Compare the accuracy and computational time with the previous methods (PCA and t-SNE).  LDA is a supervised method; it uses class labels during dimensionality reduction.

Does LDA's use of class labels improve classification accuracy, and how much slower is it?

LDA is often better for classification tasks because it maximizes class separability.
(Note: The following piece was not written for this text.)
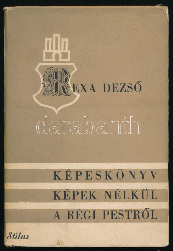 Rexa Dezső: Képeskönyv képek nélkül a régi Pestről. Bp., [1947], Stilus, 118+(4) p. Kiadói kartonált papírkötés, kissé sérült, foltos kiadói papír védőborítóban.

# Exercise 4: Feature Scaling and Dimensionality Reduction
Experiment with different feature scaling methods (e.g., MinMaxScaler, StandardScaler) before applying PCA or other dimensionality reduction techniques.
Evaluate how feature scaling affects the performance of dimensionality reduction methods (accuracy and training time).  For example:

**from sklearn.preprocessing import StandardScaler**

**scaler = StandardScaler()**

**X_train_scaled = scaler.fit_transform(X_train)**

**X_test_scaled = scaler.transform(X_test)**

# Exercise 5:  Kernel PCA
Use KernelPCA instead of standard PCA. Experiment with different kernels (linear, rbf, poly)and observe their impact on MNIST classification. Compare results against those from regular PCA.

Kernel PCA can capture non-linear relationships in the data.